═════ Records to use ═════

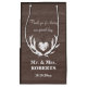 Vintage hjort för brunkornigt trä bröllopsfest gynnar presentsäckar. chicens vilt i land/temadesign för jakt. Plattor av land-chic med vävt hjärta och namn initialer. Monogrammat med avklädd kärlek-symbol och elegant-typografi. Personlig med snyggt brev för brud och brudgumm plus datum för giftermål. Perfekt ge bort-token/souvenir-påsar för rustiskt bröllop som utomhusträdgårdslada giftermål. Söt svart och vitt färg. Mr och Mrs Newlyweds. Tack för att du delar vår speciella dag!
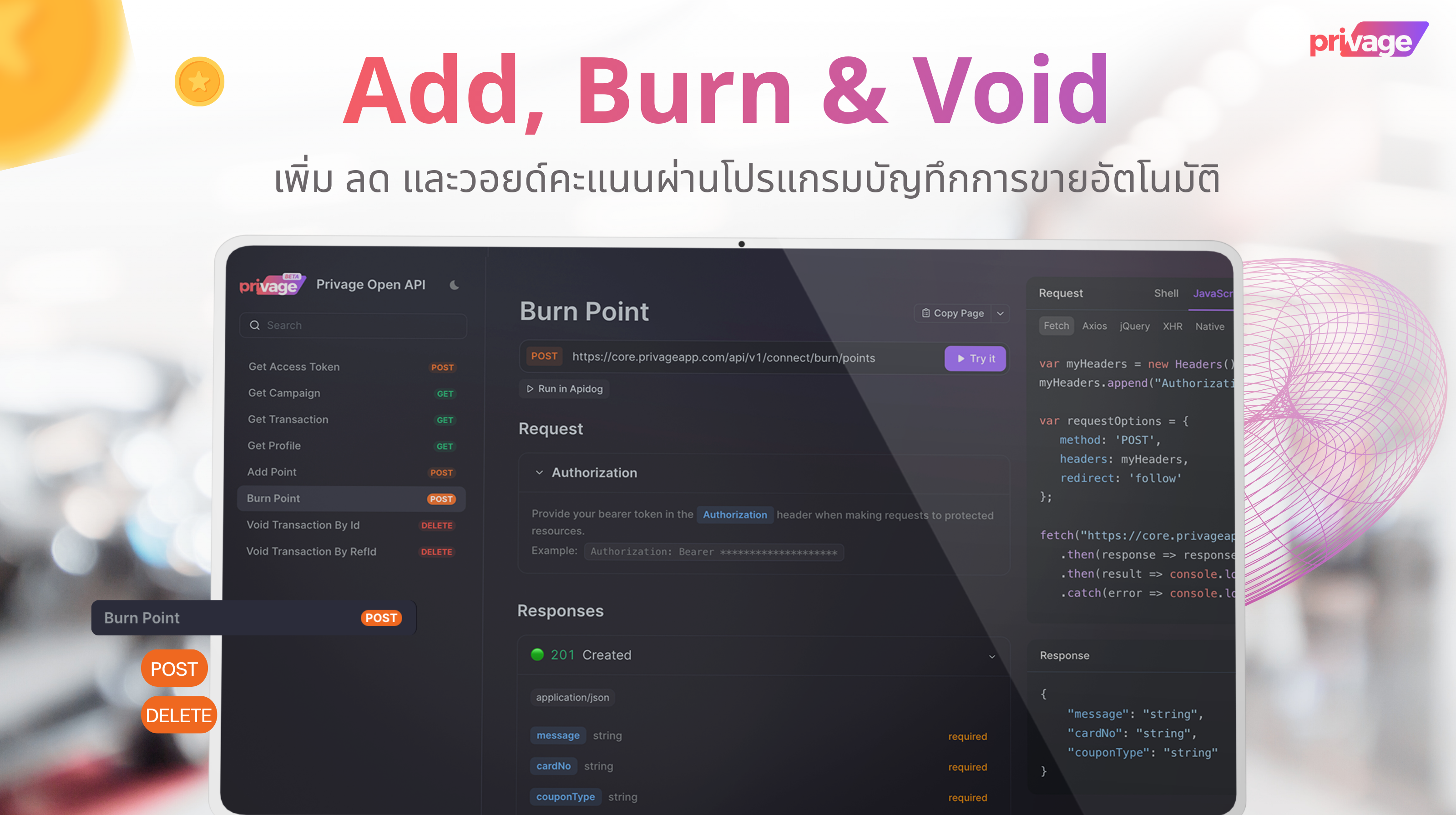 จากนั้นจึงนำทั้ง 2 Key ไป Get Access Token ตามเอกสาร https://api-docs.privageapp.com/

═════
═════ Records to use ═════

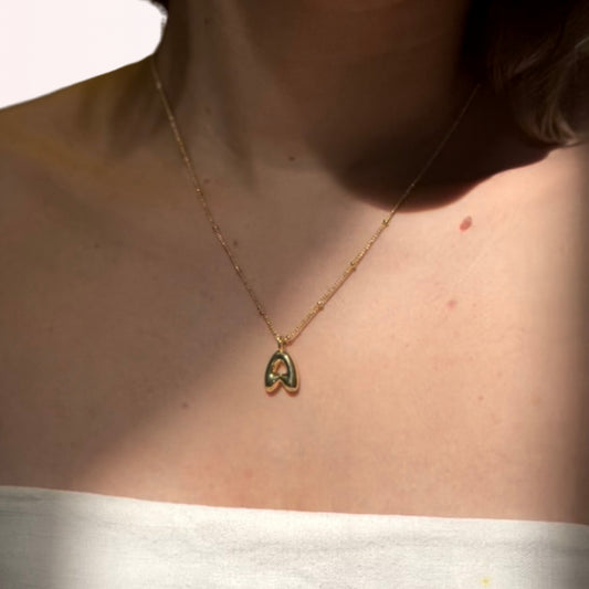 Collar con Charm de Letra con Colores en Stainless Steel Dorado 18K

═════

Exercise prompt:
What you write must match the listing exactly, from the line with "Vintage hjort för" up to and including the line with "จากนั้นจึงนำทั้ง 2 Key". Pictures stay out.

Task result:
 Vintage hjort för brunkornigt trä bröllopsfest gynnar presentsäckar. chicens vilt i land/temadesign för jakt. Plattor av land-chic med vävt hjärta och namn initialer. Monogrammat med avklädd kärlek-symbol och elegant-typografi. Personlig med snyggt brev för brud och brudgumm plus datum för giftermål. Perfekt ge bort-token/souvenir-påsar för rustiskt bröllop som utomhusträdgårdslada giftermål. Söt svart och vitt färg. Mr och Mrs Newlyweds. Tack för att du delar vår speciella dag!
 จากนั้นจึงนำทั้ง 2 Key ไป Get Access Token ตามเอกสาร https://api-docs.privageapp.com/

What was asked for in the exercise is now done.